__The data__:
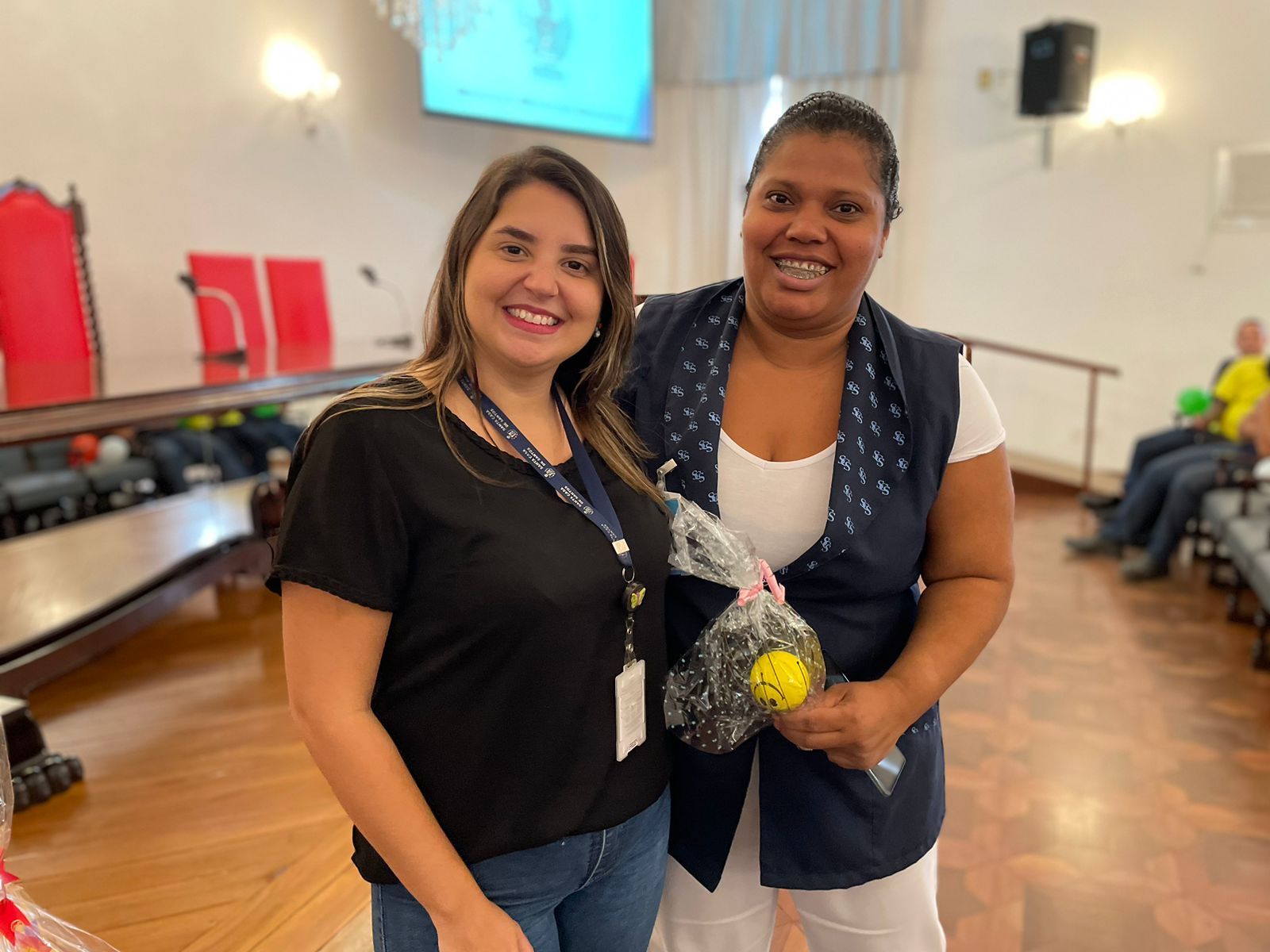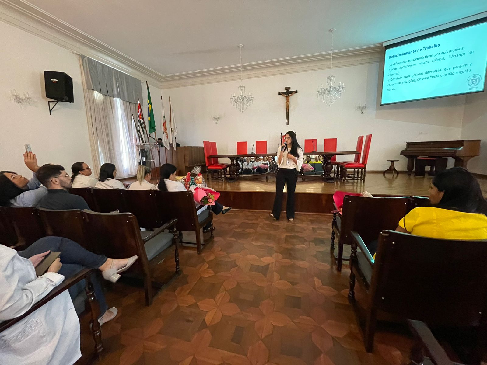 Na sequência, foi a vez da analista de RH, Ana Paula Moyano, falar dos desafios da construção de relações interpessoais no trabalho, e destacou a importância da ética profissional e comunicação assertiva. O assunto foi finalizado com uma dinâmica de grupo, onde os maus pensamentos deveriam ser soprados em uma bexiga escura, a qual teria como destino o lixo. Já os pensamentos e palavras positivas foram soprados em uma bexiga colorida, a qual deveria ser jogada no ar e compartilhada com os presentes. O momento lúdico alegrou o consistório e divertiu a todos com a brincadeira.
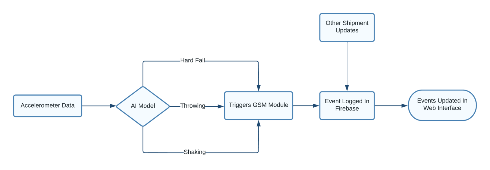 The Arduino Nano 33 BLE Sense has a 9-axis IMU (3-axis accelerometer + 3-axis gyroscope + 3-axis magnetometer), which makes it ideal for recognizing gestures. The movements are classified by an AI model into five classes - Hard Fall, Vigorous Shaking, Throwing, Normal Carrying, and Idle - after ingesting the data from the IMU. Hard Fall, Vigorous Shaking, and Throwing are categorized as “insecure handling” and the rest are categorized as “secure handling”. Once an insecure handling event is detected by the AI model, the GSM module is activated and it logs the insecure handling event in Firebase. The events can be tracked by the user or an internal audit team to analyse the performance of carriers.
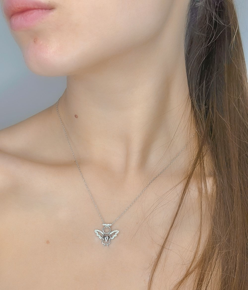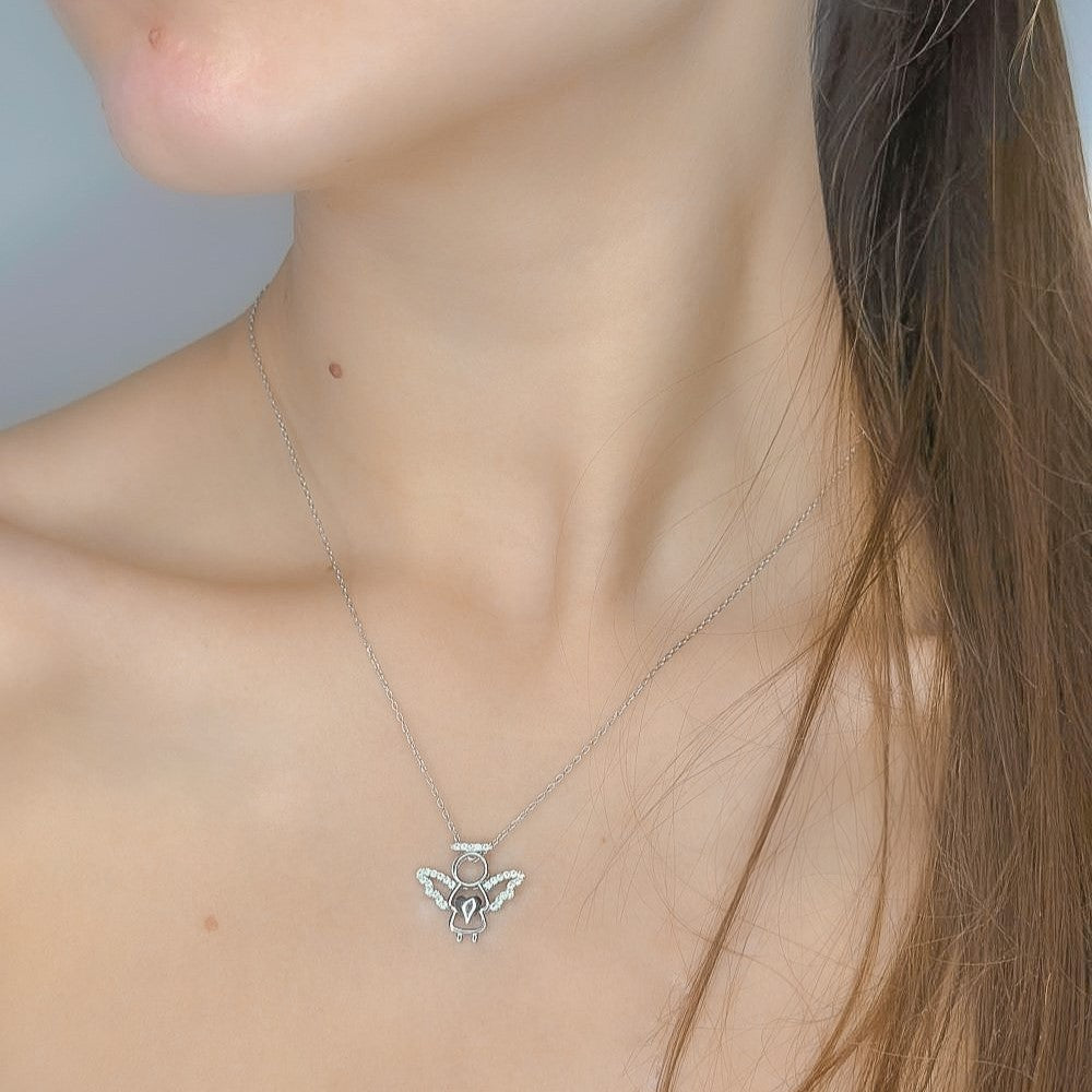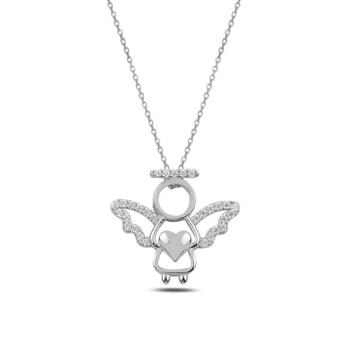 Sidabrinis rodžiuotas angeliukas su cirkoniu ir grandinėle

__Work item__:
Drop the pictures, then repeat the material word for word.

__Exercise answer__:
 Na sequência, foi a vez da analista de RH, Ana Paula Moyano, falar dos desafios da construção de relações interpessoais no trabalho, e destacou a importância da ética profissional e comunicação assertiva. O assunto foi finalizado com uma dinâmica de grupo, onde os maus pensamentos deveriam ser soprados em uma bexiga escura, a qual teria como destino o lixo. Já os pensamentos e palavras positivas foram soprados em uma bexiga colorida, a qual deveria ser jogada no ar e compartilhada com os presentes. O momento lúdico alegrou o consistório e divertiu a todos com a brincadeira.
 The Arduino Nano 33 BLE Sense has a 9-axis IMU (3-axis accelerometer + 3-axis gyroscope + 3-axis magnetometer), which makes it ideal for recognizing gestures. The movements are classified by an AI model into five classes - Hard Fall, Vigorous Shaking, Throwing, Normal Carrying, and Idle - after ingesting the data from the IMU. Hard Fall, Vigorous Shaking, and Throwing are categorized as “insecure handling” and the rest are categorized as “secure handling”. Once an insecure handling event is detected by the AI model, the GSM module is activated and it logs the insecure handling event in Firebase. The events can be tracked by the user or an internal audit team to analyse the performance of carriers.
 Sidabrinis rodžiuotas angeliukas su cirkoniu ir grandinėle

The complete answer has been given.